Would Abraham have understood the full theological importance of circumcision when the sign was given to him...since we do know that God preached the Gospel to him previously in saying he'd be the father of many nations? (...so maybe the full significance of circumcision was made clear to him then, too?)

Similarly, was it understood what was required to be faithful to the covenant? Obviously, faith needed to be exercised...but what else would he have known regarding how he was to obey God (especially since this was before the Law was given)?

Thank you very much for the help!!


----------



## Contra_Mundum (Feb 1, 2011)

The NT tells us circumcision was a sign of faith. And it tells us that Abraham understood that, Rom.4:11; cf.Heb.11:10,16.

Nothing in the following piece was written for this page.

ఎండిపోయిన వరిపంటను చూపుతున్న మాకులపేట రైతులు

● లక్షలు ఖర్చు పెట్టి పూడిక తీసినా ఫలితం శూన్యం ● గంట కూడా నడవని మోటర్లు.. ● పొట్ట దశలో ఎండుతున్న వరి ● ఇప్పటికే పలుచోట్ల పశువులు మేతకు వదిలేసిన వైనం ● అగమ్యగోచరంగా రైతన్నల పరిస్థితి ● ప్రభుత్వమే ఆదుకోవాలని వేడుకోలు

Now, I'll just turn your question around, and query: What other evidence is necessary that circumcision is spiritual-in-nature, beside the fact that God gave it?

We aren't able to put ourselves precisely in the sandals of Abraham, and receive his revelation de novo, right beside him. Other than the limited record preserved for us, we don't know "the rest" of what God says to him. And sometimes, we act as though the people who lived biblical events and encounters stood in the same relationship to the revelation that we do. By which is meant, that their relationship to particular revelatory events conveyed exactly the same thing to their minds that the *record* of those events covey to later generations, alone, apart from any other information.

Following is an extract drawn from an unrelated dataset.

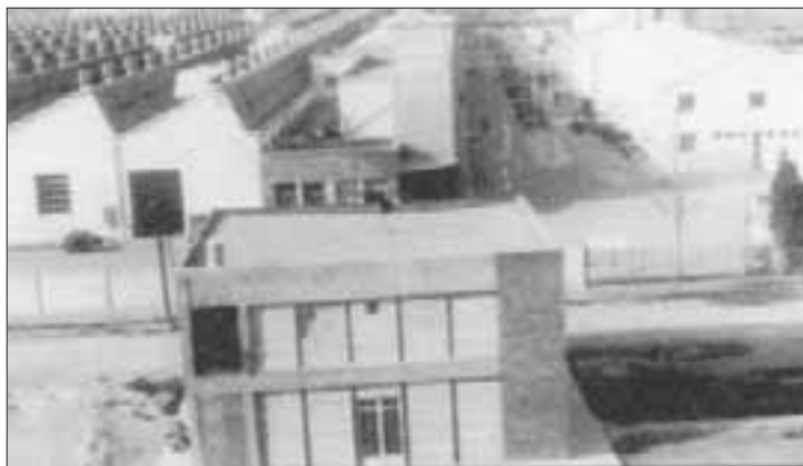
Iglesia de Sant Jaume de Cornellà donde se fundaron las CCOO del Baix Llobregat, 1965.

Un lloc de molta acció cívica i política va ser el Centre Social Almeda, però com que això és molt important, hi dedicarem un altre article.

But this is naive. We have no idea what or how much of this revelation was recorded by Abraham himself in his own time. How much was in writing? How much was oral? How much was so well-known or common-sense, it required no further notation _at the earlier moment_? I'm not making an argument here for "tradition," the way the Pharisees and later RC apologists propose an "unwritten" tradition alongside Scripture. But what I'm saying is that in Moses' generation, he codifies all previous revelation. It Moses who makes sure that we not only know about Abraham, but we also know the meaning of those things, because he preserves it forever in writing.

It's Moses who informs us of God's covenant with Abraham. Its Moses who informs us (in no uncertain terms) that circumcision is a matter of the heart. So, on the one hand it is an unanswerable question, "What (precisely) did Abraham know about the interior-focus of circumcision, an outward rite?" On the other hand, our starting assumption should be that Abraham understood circumcision pretty well, that he taught the meaning of these signs to his household as well as he could. Especially as the NT writers teach us that his spiritual perception was excellent.

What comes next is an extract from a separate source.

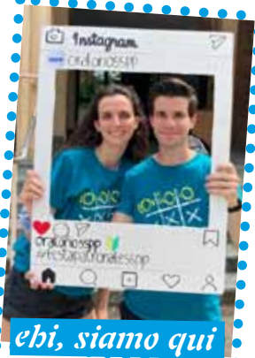
ehi, siamo qui

Of course, there is an expansion and an unfolding of revelation through time. But we cannot ignore the fact that the prophets accompanied God's people all along. Later revelation in writing is often something new and fresh from the divine Word, but sometimes it is the distillation of generations of reflection and preaching on the previous revelation. In this way, that which is true, and has always been true, and has become the assured interpretation is confirmed by its inscripturation.

Holy Spirit himself puts his imprimatur on the prophetic testimony. So, men like Moses, Samuel (probably), Isaiah, Ezra--these men (besides having some new Word from the Lord) gather the work of several past decades or generations, and set what is worthy for preservation into permanent for future ages, by the direction of God. With the result, we have exactly what we need for the coming age.

As for what men are to obey, regarding God's moral law: the "Ten Commandments" are nothing less than natural revelation, things that all men know or ought to know, if they weren't so busy suppressing the truth. But for all their suppression, they still find use for some basic morality. God preserves his ways and means to some degree, even among the heathen, "so that men are without excuse," and will have to answer to God for that which they did know (and violated). It is an evidence of his goodness and kindness, that he gave such a clear summary of the whole to his people, as their legal cornerstone.

Now, if God has any other commandment, a "positive" decree or injunction, then he makes such things clear to those who receive that Word. Circumcision was such a teaching. Or much earlier, sacrifice for propitiation was taught to mankind. All such things are either explicit or implicit in the text.


----------